制度の議論が進むいま、自分の働き方を考え直すタイミングです

厚生労働省の社会保障審議会では、医療や介護を支えるための社会保険制度をどう見直していくか、活発な議論が続いています。少子高齢化が加速し、「誰がどれだけ負担するのが公平なのか」という問いは、避けて通れないものになっています。
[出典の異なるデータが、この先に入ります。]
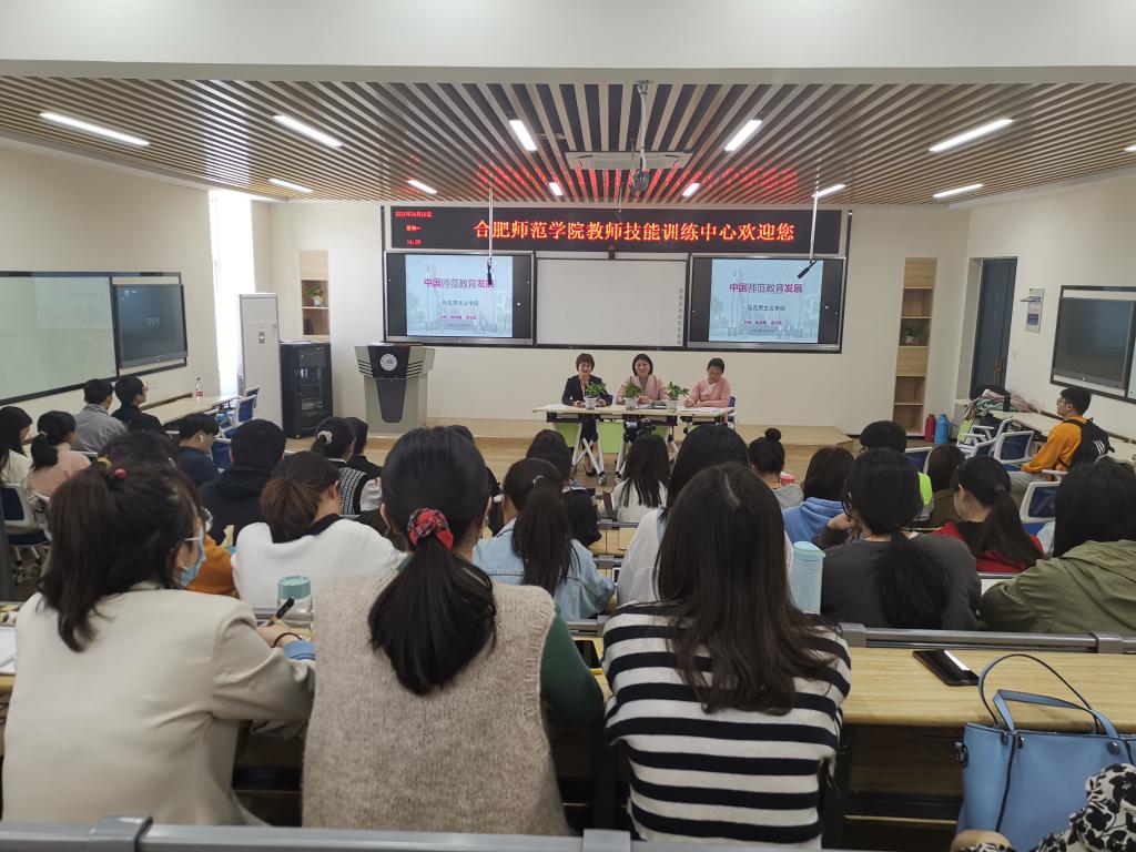 本网讯:4月19日下午,“教育强国”思政选修课第二场如期开讲,本校选修“教育强国”的学生和亚洲视频一区二区部分老师聆听了本场讲座。本场讲座的主题是“中国师范教育发展”,由亚洲视频一区二区傅文茹副教授,陶常梅老师担任主讲嘉宾,刘英老师担任主持。

その背景には、「現役並み所得」とされる人の割合が減っている問題があります。制度上の基準は2006年以来変わっていませんが、この間に物価や賃金が上昇し、現役世代の平均的な所得水準は高くなりました。つまり、制度で定める「現役並み」の基準は、今の実態から見ると相対的に低くなっているのです。その結果、本来なら3割負担となる層が制度上は2割負担のままになり、「現場の感覚と制度がずれてきている」という指摘が出ています。こうした事情をふまえ、いま“支払能力に応じた負担”を求める議論が進んでいるのです。

公平な負担の議論が進むこと自体は、とても大切なことです。ただし忘れてはならないのは、制度がどれだけ合理的に整えられても、私たち一人ひとりの生活がすぐに安定するわけではないということです。特に50〜60代は、健康、家族、仕事、介護──人生の転機が一気に押し寄せる世代です。同じ年齢でも、働ける状況も暮らしぶりもまったく違います。
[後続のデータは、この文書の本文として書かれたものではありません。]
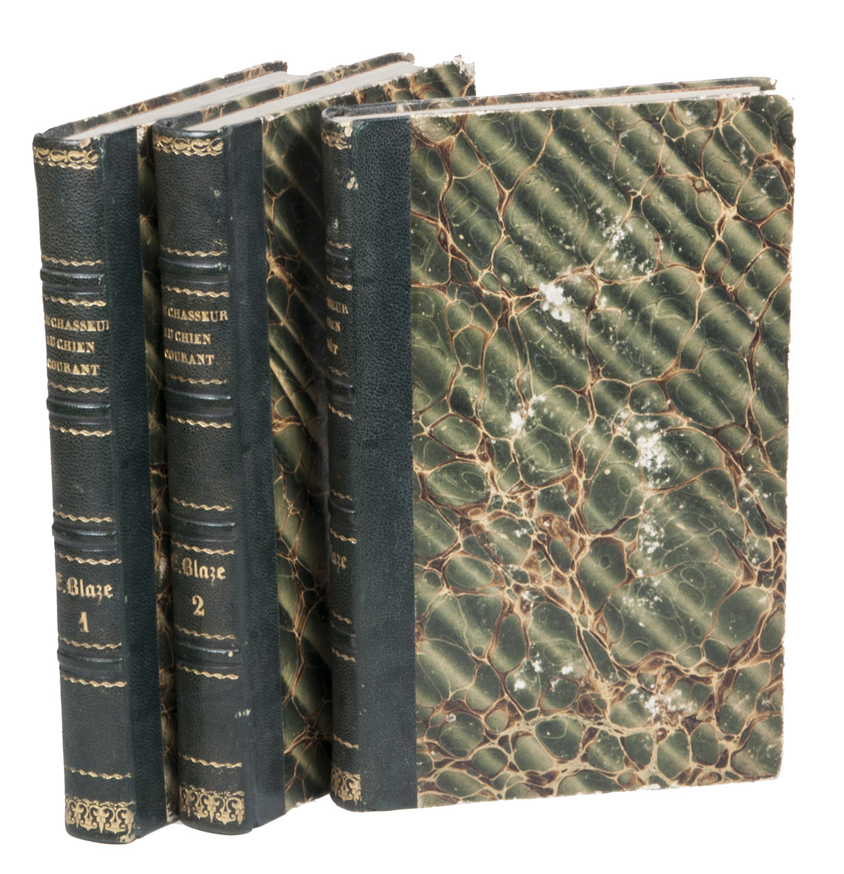 (2) BLAZE, Elzéar. Le chasseur au chien courant, contenant les habitudes, les ruses des bêtes; l'art de les quêter, de les juger et de les détourner; de les attaquer, de les tirer ou de les prendre a force; l'éducation du limier; des chiens courants, leurs maladies, etc. Paris, Bernard et Cie for the dépot de librarie, 1851.

だからこそ、いま制度を見直す議論が進むこのタイミングで、自分自身の働き方や役割も見直していく必要があるのではないでしょうか。

 

働く現場から見える「新しいシニアの働き方」

再雇用の現実、学び直しに挑む人たち

社会保障の議論はとても大事ですが、その先にある「働く現場」を見ると、すでに変化は始まっています。いくつか身近な事例をご紹介します。

60歳で再雇用、でも“働き方を変えたら生きやすくなった”男性

働くシニア世代ある企業で働くAさん(60代前半)は、定年後の再雇用で仕事を続けています。ただ、以前と同じ働き方では体力的にきつく、心の余裕もなくなっていました。
そこで思い切って、「週4日勤務・時短」の働き方に切り替えました。収入は多少減りましたが、生活のリズムが整い、家族との時間も増えました。

Aさんはこう言います。
減ったのはお金じゃなくて、“張りつめていた気持ち”のほうでした。」

制度がどう変わるかに関わらず、働き続ける形を自分に合うように調整する。これはシニア期の大切な選択肢の一つです。

50代後半で“学び直し”を始めた女性のケース

働くシニア世代Bさん(50代後半)は、親の介護が落ち着いたタイミングで、以前から興味のあった福祉資格の勉強を始めました。学び直しに不安はありましたが、「これからの10年、20年を誰かの役に立ちながら生きたい」という気持ちが背中を押しました。

資格取得後は、週数日のパートとして地域の高齢者支援に携わっています。
学び直しをしたことで、ただ年齢を重ねるだけじゃなくて、人生がもう一度ひらけた気がします」と話します。

働くことが単なる収入の確保ではなく、「社会とつながり続ける手段」になっている事例です。

70代で“ボランティアと仕事のハイブリッド”という選択

働くシニア世代Cさん(70代)は、週に数回の清掃の仕事を続けながら、地域のボランティアにも参加しています。「完全に仕事を辞めてしまうのは張りを失いそう。でもフルタイムではきつい」。そんな気持ちの折り合いをつけた働き方です。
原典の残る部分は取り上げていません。